On August 31, 2022, New York Governor Kathy Hochul signed S.B. 9454, which aligns New York City’s nexus standards with New York State’s economic nexus standards. For tax years beginning on or after January 1, 2022, businesses have nexus with New York City and are subject to the City’s business corporation tax if they have at least $1 million in New York City receipts. A corporation also has nexus if it has less than $1 million in New York City receipts, but has at least $10,000 in receipts within the City, and is part of a unitary group that has at least $1 million in New York City receipts.  Grants received from the New York State and City’s COVID-19 small business relief programs do not count toward the New York City receipts threshold.

There is an additional nexus threshold for companies in the business of issuing credit card or merchant customer contracts.
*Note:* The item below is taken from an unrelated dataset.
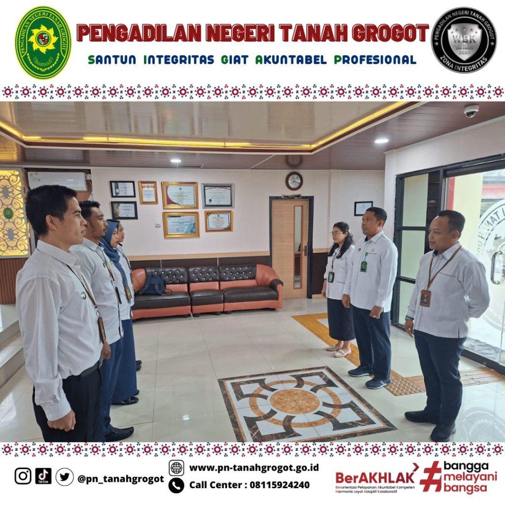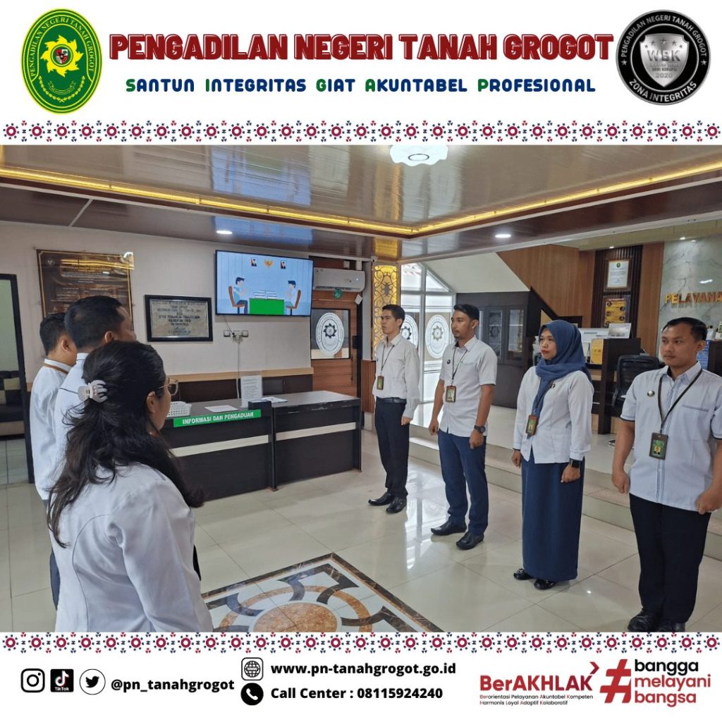 Pada hari Senin tanggal 6 Oktober 2025 pukul 08.15 WITA bertempat di Ruang Pelayanan Terpadu Satu Pintu (PTSP) Pengadilan Negeri Tanah Grogot diadakan briefing rutin kepada Petugas PTSP yang dipimpin oleh Bpk. Andi Hardiansyah, S.H., M.Hum. (Wakil Ketua), Ibu Catty Ratnasari Sitorus, S.H. (Hakim Pengawas PTSP) dan Bpk. Randy Mochammad Avis, S.H. (Panitera) yang dalam kesempatan briefing tersebut disampaikan kepada para petugas PTSP agar Petugas PTSP senantiasa menerapkan 5R dan 5S dalam memberikan pelayanan, senantiasa menjaga kekompakan dan koordinasi jika ditemui kendala dalam memberikan pelayanan, melaksanakan pelayanan sesuai dengan SOP dan ketentuan yang berlaku dan jangan lupa untuk selalu mengingatkan pengunjung yang datang untuk mengisi survei pelayanan yang ada di PTSP.

Under the existing law, the New York City nexus threshold was satisfied for companies that have issued either (1) credit cards to at least 1,000 customers with a mailing address in the city, (2) merchant customer contracts to at least 1,000 or more merchants located in the city, or (3) any combination of these two factors that add up to 1,000 customers. According to the new law, for those companies that do not meet the threshold on their own, New York City nexus can also be satisfied if the companies have at least (1) 10 customers with a mailing address in the city, (2) merchant customer contracts with at least 10 merchants located in the city, or (3) any combination of these two factors that add up to 10 customers, and are part of a unitary group whose members in the aggregate satisfy the above-referenced 1,000 customer threshold.

Eversheds Sutherland Observation: Out of state businesses operating in New York City without a physical presence, or New York businesses that have been subject to New York State but not New York City business corporation tax, will need to review their activity in New York City to determine whether their activities in New York City may now create nexus.

In addition to the nexus provisions, the bill provides that New York State taxes paid based on profits or income do not reduce an entity’s New York City entire net income subject to tax. For entities electing to pay the state and city pass-through entity-level taxes, those optional taxes also do not reduce the entity’s entire net income for purposes of determining its New York City general corporation tax or banking corporation tax liability.